Task goal = Retype only what runs from the first line of the listing to the line holding "Beige woven straw", both included. Do not retype the pictures.

The data =
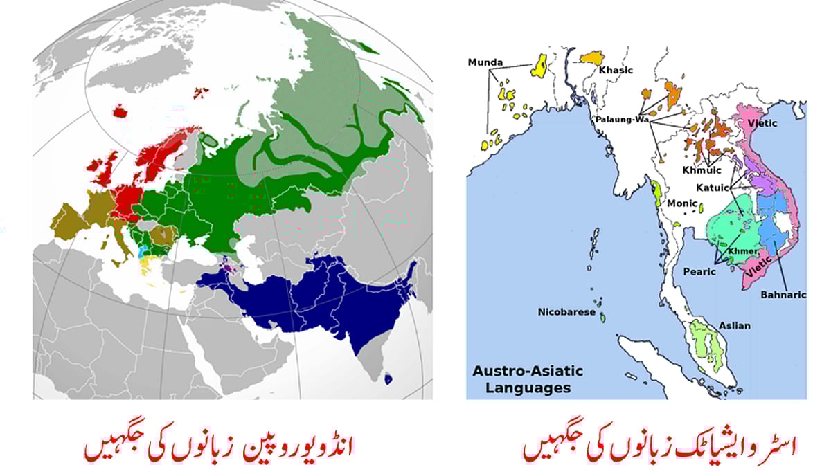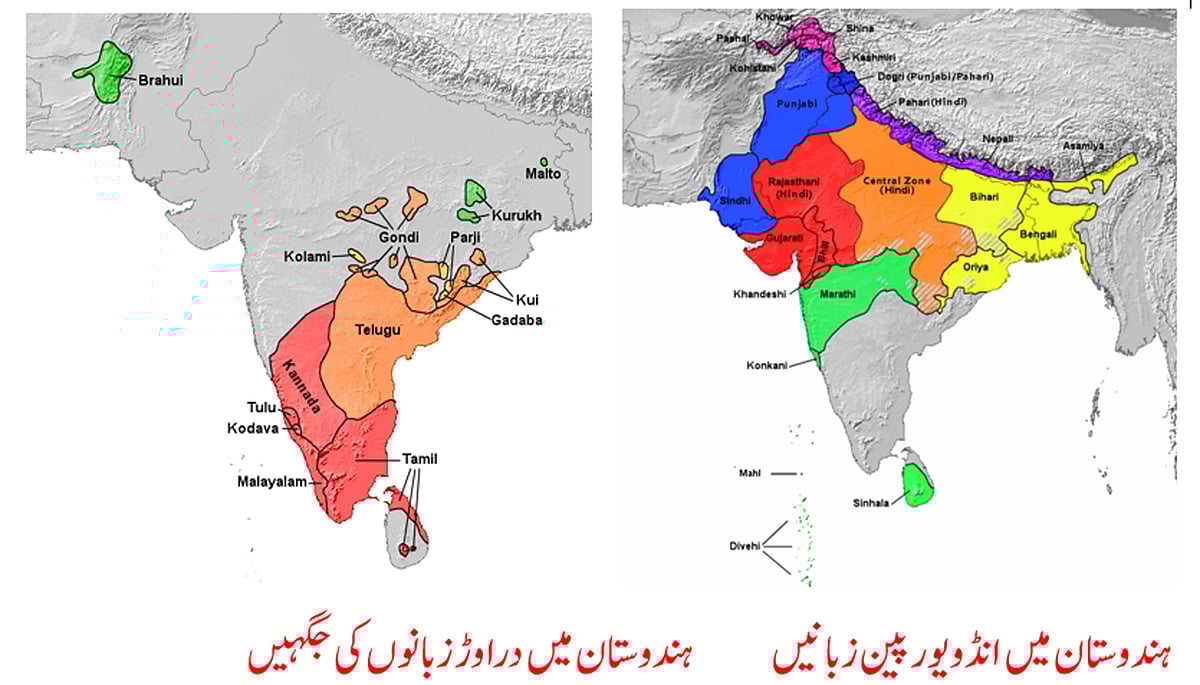 دوسری: ہندوستان میں استعمال ہونے والی زبانیں (ہندی، اردو، بنگالی، بھوجپوری، مراٹھی، پنجابی، کشمیری، راجستھانی، سندھی اسامیا، میتھلی اور اوڑیہ) انڈو یورپین خاندان سے ہیں جو آبادی کے تین چوتھائی لوگ بولتے ہیں۔ انڈو یورپین زبانیں ایشیا سے یورپ پہلی ہوئی ہیں۔
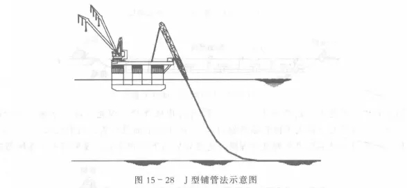 為了適應(yīng)鋪管水深的不斷增加,20世紀(jì)80年代以來J型鋪管法發(fā)展了起來,它是進(jìn)行深水和超深水的種海底管道鋪設(shè)的最適合方法?,F(xiàn)階段,J型鋪管法主要有2種類型:即鉆井船J型鋪管法和帶傾斜滑道的J型鋪管法。在鋪設(shè)過程中,通過借助調(diào)節(jié)托管架的管道和傾角承受的張力來改善懸空管道的受力狀態(tài),達(dá)到安全施工的目的,如圖3所示。
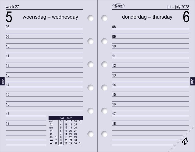 De pagina-indeling is ontworpen om één week per twee pagina's weer te geven, met tijdsleuven van 09.00-17.00 uur.
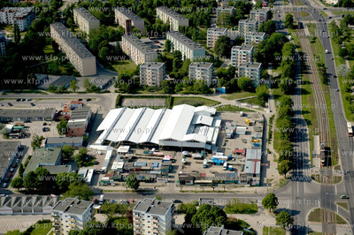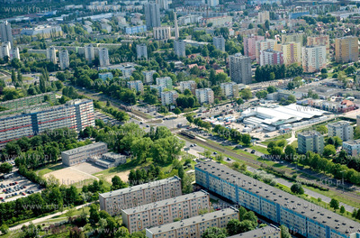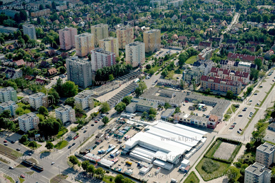 Gdansk Przymorze z lotu ptaka. Targowisko miejskie Zielony Rynek na rogu ul. Czerwony Dwor i Chlopskiej. Za nim ul. Krzywoustego. 30.05.2011 Fot. Maciej Kosycarz / KFP
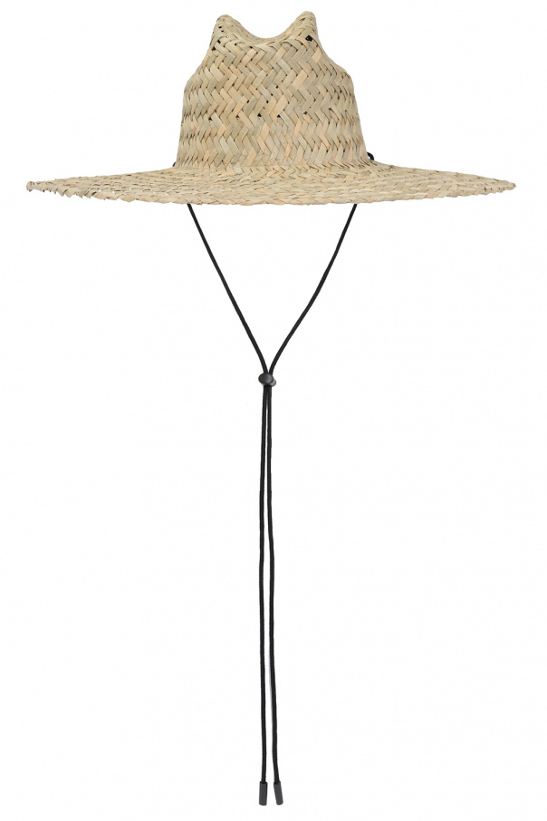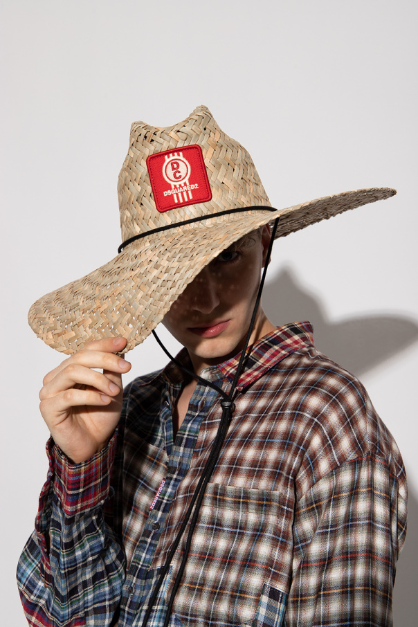 Beige woven straw hat from Dsquared2. Emblazoned with a red and cream logo patch on the front, this item features black drawstring closures.
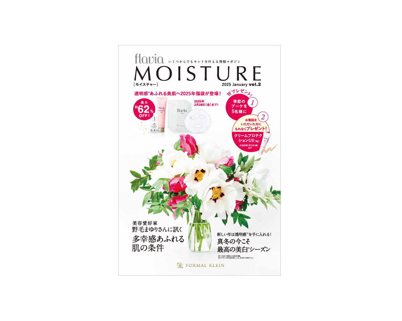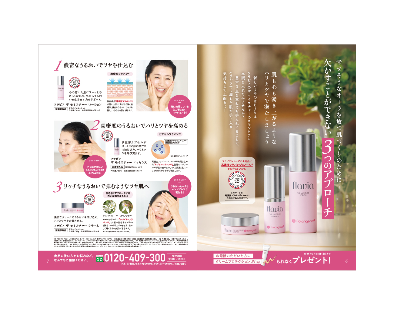 「FORMAL KLEIN」様のスキンケアシリーズ flaviaの会報誌デザインをさせていただきました。
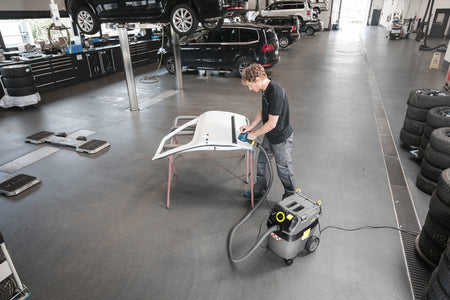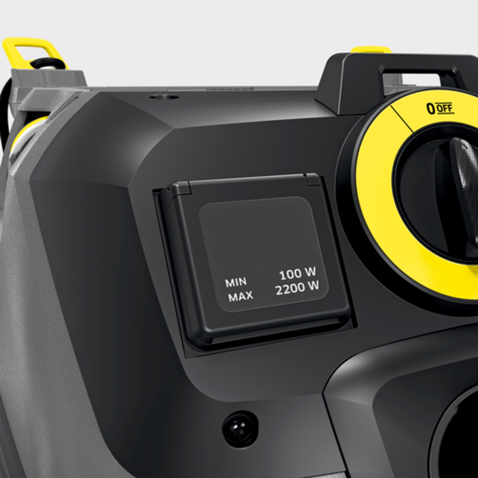 Outre le décolmatage semi-automatique très efficace du filtre, un connecteur intégré avec fonction Marche/Arrêt automatique pour travailler avec des outils électroportatifs compte parmi les équipements qui distinguent notre aspirateur eau et poussières compact NT 30/1 Ap Te L. Sa puissance d'aspiration exceptionnelle permet des utilisations variées, qu'il s'agisse de petits travaux de meulage, du nettoyage intérieur de véhicules, de l'élimination de liquides ou de l'aspiration de machines et d'installations. Même l'aspiration de quantités moyennes de poussières fines est possible sans problèmes sans sac filtrant. L'aspirateur est en outre doté d'une préparation antistatique. Tous les réglages essentiels de l'appareil simple d'utilisation s'effectuent à l'aide d'un bouton rotatif central ; pour les accessoires entièrement remaniés, des possibilités de rangement bien pensées ont été intégrées. De conception ultra plate, la partie supérieure de l'aspirateur eau et poussières permet de poser et, grâce aux possibilités d'arrimage, aussi de fixer une boîte à outils.

Answer to this task =
 دوسری: ہندوستان میں استعمال ہونے والی زبانیں (ہندی، اردو، بنگالی، بھوجپوری، مراٹھی، پنجابی، کشمیری، راجستھانی، سندھی اسامیا، میتھلی اور اوڑیہ) انڈو یورپین خاندان سے ہیں جو آبادی کے تین چوتھائی لوگ بولتے ہیں۔ انڈو یورپین زبانیں ایشیا سے یورپ پہلی ہوئی ہیں۔
 為了適應(yīng)鋪管水深的不斷增加,20世紀(jì)80年代以來J型鋪管法發(fā)展了起來,它是進(jìn)行深水和超深水的種海底管道鋪設(shè)的最適合方法?,F(xiàn)階段,J型鋪管法主要有2種類型:即鉆井船J型鋪管法和帶傾斜滑道的J型鋪管法。在鋪設(shè)過程中,通過借助調(diào)節(jié)托管架的管道和傾角承受的張力來改善懸空管道的受力狀態(tài),達(dá)到安全施工的目的,如圖3所示。
 De pagina-indeling is ontworpen om één week per twee pagina's weer te geven, met tijdsleuven van 09.00-17.00 uur.
 Gdansk Przymorze z lotu ptaka. Targowisko miejskie Zielony Rynek na rogu ul. Czerwony Dwor i Chlopskiej. Za nim ul. Krzywoustego. 30.05.2011 Fot. Maciej Kosycarz / KFP
 Beige woven straw hat from Dsquared2. Emblazoned with a red and cream logo patch on the front, this item features black drawstring closures.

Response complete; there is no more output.